A estos incrédulos poco o nada les importa que el 97% de los artículos científicos publicados desde 1990 coincidan en que el cambio climático es una realidad incontestable o que más de 800 investigadores de todo el mundo, bajo el paraguas de Naciones Unidas, hayan constatado que la acción del hombre es el principal motivo de ese aumento de las temperaturas que ya ha obligado a 26 millones de personas a desplazarse de sus países y que puede socavar la salud de un planeta que en el año 2050 contará con 9.000 millones de habitantes, concentrados principalmente en ciudades cada vez más extensas. El desafío al que nos enfrentamos es brutal, pero al igual que otras militancias actuales, como el patético movimiento anti vacunas, que pone en peligro la vida de nuestros hijos en base a teorías dogmáticas e infundadas, el negacionismo climático rechaza la evidencia científica apoyándose en argumentos obstinadamente retorcidos y conspiranoicos que siempre giran en torno a una idea central: la mayor parte de la comunidad científica –y por supuesto, cualquiera que divulgue sus investigaciones– es presa del catastrofismo.
Estas embestidas contra la ciencia se entienden infinitamente mejor tras las revelaciones del diario británico The Guardian, que ha destapado los sobornos que durante años han recibido algunos de los negacionistas más célebres, como el profesor de Harvard Wei-Hock Soon o el senador republicano Jim Inhofe, por parte de determinadas empresas. Este último, tras recibir casi dos millones de dólares para financiar su campaña procedentes de BP (la antigua British Petroleum, responsable del vertido en el Golfo de México), no tuvo ningún reparo en presentarse con una bola de nieve en el Congreso con el propósito de demostrar a los periodistas que “el cambio climático es un fraude”. Resulta bochornoso ver cómo algunos pagan sus deudas.

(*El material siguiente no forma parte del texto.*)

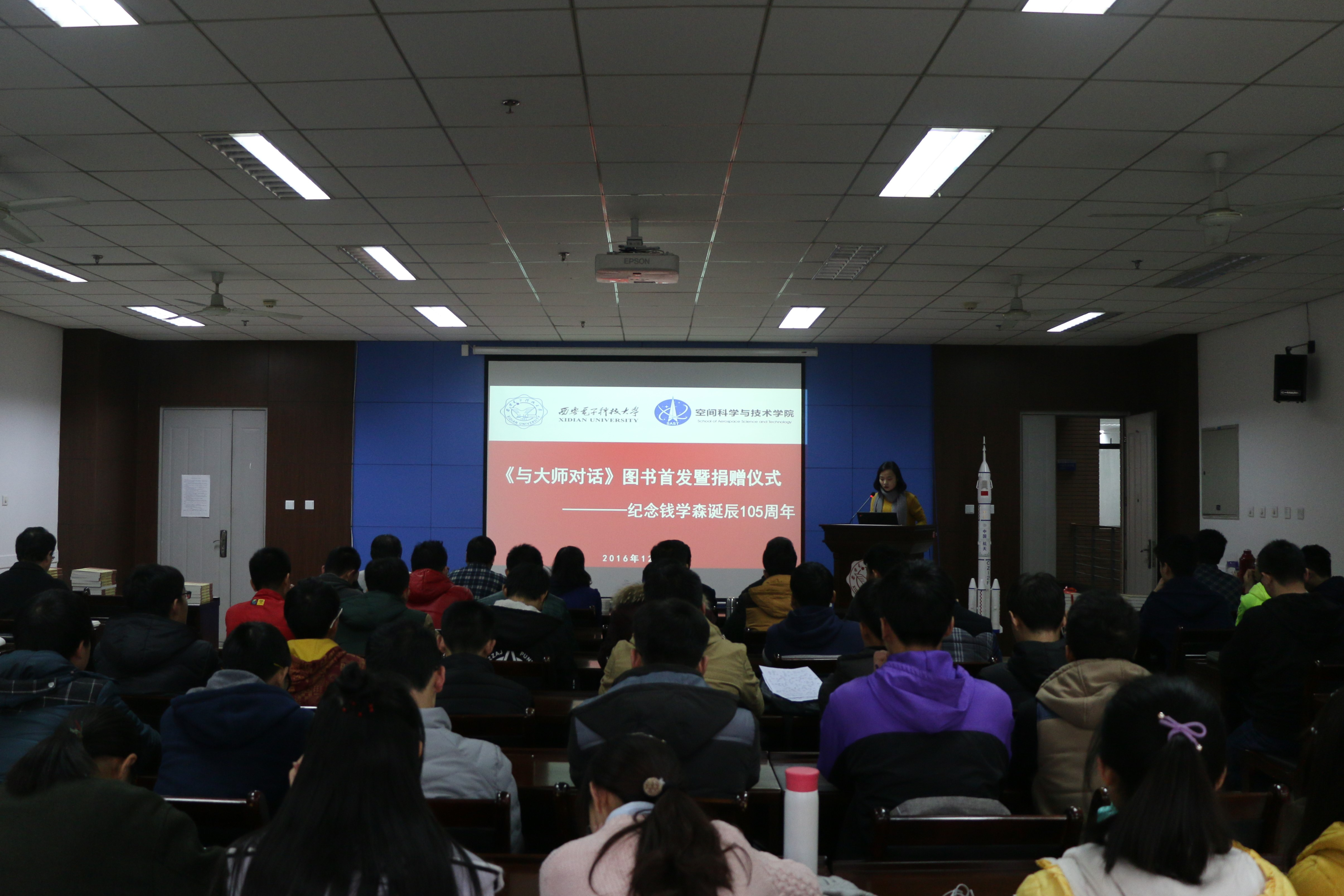 为纪念我国航天事业创建60周年,著名科学家、伟大思想家钱学森先生诞辰105年暨公司“钱学森空间科学实验班”创办第二年,在西电出版社与FUN88乐天使的共同努力下,在钱学森先生之子、上海交通大学钱永刚教授的倾力帮助下,《与大师的对话——著名科学家钱学森与钱学敏教授通信集》在西电出版社于日前正式出版发行。《与大师对话》图书首发及赠送仪式于12月14日在南校区G240隆重召开。西电出版社社长胡方明教授,西电图书馆副馆长李文兴老师,FUN88乐天使执行经理李小平教授,党委书记梁玮老师以及钱学森空间科学实验班全体员工参加了本次仪式。

Los negacionistas climáticos representan un tentáculo de ese capitalismo nihilista que tanto tuvo que ver con el Crash de 2007 y que tan alejado se encuentra de los principios de la economía social de mercado. Su delirio les permite incluso hablar de “progreso”, aunque hace tiempo que vaciaron de significado ese concepto que quizá debiéramos arrebatarles para que recupere el aura, e incluso la entusiasta inocencia, con el que lo empleaban los primeros ilustrados. Quienes no quieren proteger el planeta que heredarán nuestros hijos son, afortunadamente, cada vez menos. Pero no nos podemos confiar. El reto climático es colosal y los Donald Trump de turno aún pueden hacer mucho daño.